• By: Eric Murphy

Health Champions Gather at Glashan for ‘Healthy Me Week’ Launch

All photos by Eric Murphy. 

An alligator, a vegetable man, YTV’s Carlos Bustamante and Environment Minister Catherine McKenna met up in Glashan Public School this morning to launch Canada’s fifth Healthy Me Week.

The week is a call for children and parents across Canada to step up their health routine. Participants are encouraged to focus on three essential steps. They’re supposed to ‘get up’ (be more active) ‘fuel up’ (eat nutritious food) and ‘own up’ (get more people, especially family, involved in the project).

Carlos Snap Story
Carlos Bustamante includes Glashan students in his Snapchat story.
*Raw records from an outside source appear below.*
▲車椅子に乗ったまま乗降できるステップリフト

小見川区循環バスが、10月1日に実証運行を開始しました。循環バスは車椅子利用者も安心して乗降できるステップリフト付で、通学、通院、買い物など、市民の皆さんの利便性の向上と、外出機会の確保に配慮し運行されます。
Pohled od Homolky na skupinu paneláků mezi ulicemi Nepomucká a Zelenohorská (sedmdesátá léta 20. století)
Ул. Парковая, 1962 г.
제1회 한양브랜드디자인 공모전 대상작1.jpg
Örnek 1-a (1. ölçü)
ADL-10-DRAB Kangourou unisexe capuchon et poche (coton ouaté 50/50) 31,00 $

“Yes this is only one week,” Glashan principal James Tayler told the gym-full of seventh graders, “but we’re really talking about you developing the skills which we know are as easy as one-two-three.”

Throughout the speech-filled morning, Tayler, McKenna and Bustamante all stood in front of the school to speak, there was even a special message from Sophie Grégoire-Trudeau shown on the projector screen. She said that “my healthy me plan is to spend at least 30 minutes outside with the kids walking in nature every day, and to put some fruits and veggies in our smoothies.”
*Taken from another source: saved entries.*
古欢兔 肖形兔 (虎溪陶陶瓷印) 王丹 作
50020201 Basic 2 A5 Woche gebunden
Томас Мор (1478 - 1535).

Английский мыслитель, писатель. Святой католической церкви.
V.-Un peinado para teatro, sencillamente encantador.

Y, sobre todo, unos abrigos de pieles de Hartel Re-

There was even a short speech from one of Healthy Me Week’s organizers, Mariska Kempers, who ran 250 kilometres across the Sahara Desert in 2011. Kempers is the Director of Build Our Kids’ Success (BOKS), and she emphasized that children should be aiming for 60 minutes of activity every day.
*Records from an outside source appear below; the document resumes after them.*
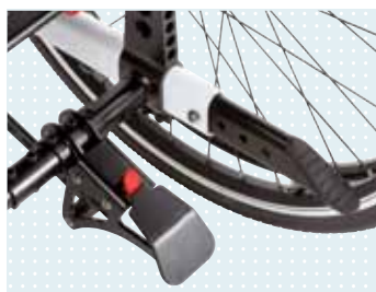
► Pedal para basculación
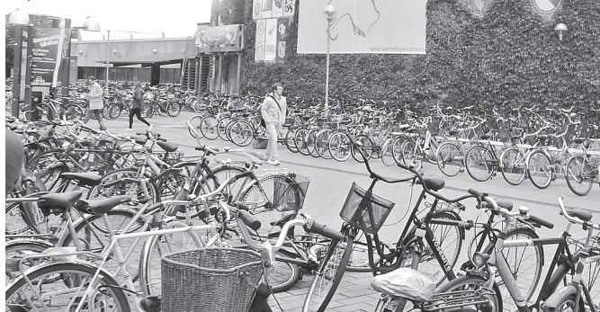
Площадка перед швецикам университетом Линчепинг. Никаких выхлопов и проблем с парковкой!

Немалое удивление у рязанцев вызвал и тот факт, что в Стокгольме практически все ездят на велосипедах, а рядом с университетом выделена огромная площадка для велопарковки.
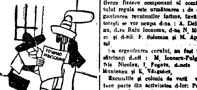
— Bine că măcar noi femeile nu suntem obligate să mergem la alegeri...
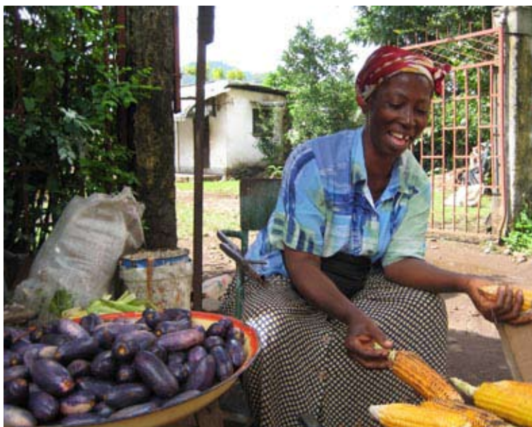
Vi kjøpte "en lett lunch" etter besøket hos dame gruppen.
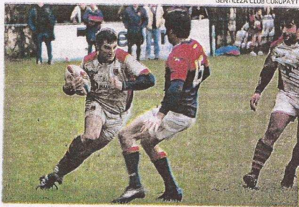
ENCARANDO. LA POTENCIA ES UNA DE LAS VIRTUDES DE SU JUEGO.

Curupaytí en esta Reubicación se dio en la quinta fecha cuando venció como visitante a Pueyrredón, actual puntero del certamen y que hasta el momento sólo perdió ese único encuentro. "Nos salió todo bien y fue un envión anímico para darnos cuenta que podemos. Creo que hoy por hoy la principal arma

Carlos talking to students
Carlos asks students what their favourite activity is.

McKenna was one of the last to speak, and she emphasized both the joys of exercise and the risks of living an inactive lifestyle.

“The problem is if you’re not active enough, it’s not just how you feel…it’s also that you’re in much greater risk for diseases that are going to impact you for your whole life,” she said. “Type 2 diabetes, high blood pressure, high cholesterol…these are things we used to only see in adults, now we’re seeing them in kids.”

McKenna also mentioned the $20 million her government is investing in initiatives to prevent these diseases.

“We’re always testing new ideas and scaling up proven approaches to help Canadians, particularly you guys,” she said, gesturing to the gathered students, “to make the healthy choice the easy choice.”

After all the speakers were done, they helped the students get warmed up with some standing jogs and jumping. To their credit, McKenna and both the mascots took part in the warm up, despite the Environment Minister wearing heels and the mascots wearing their massive green suits. The Glashan Gator in particular seemed to be having trouble keeping its head on.

Catherine McKenna warming up
Catherine McKenna warms up with Glashan students and the alligator and vegetable mascots.

You can find out more about Healthy Me Week at healthymeweek.ca. The site also has an ‘action plan’ quiz that’s definitely worth trying if you have trouble getting enough activity or healthy food.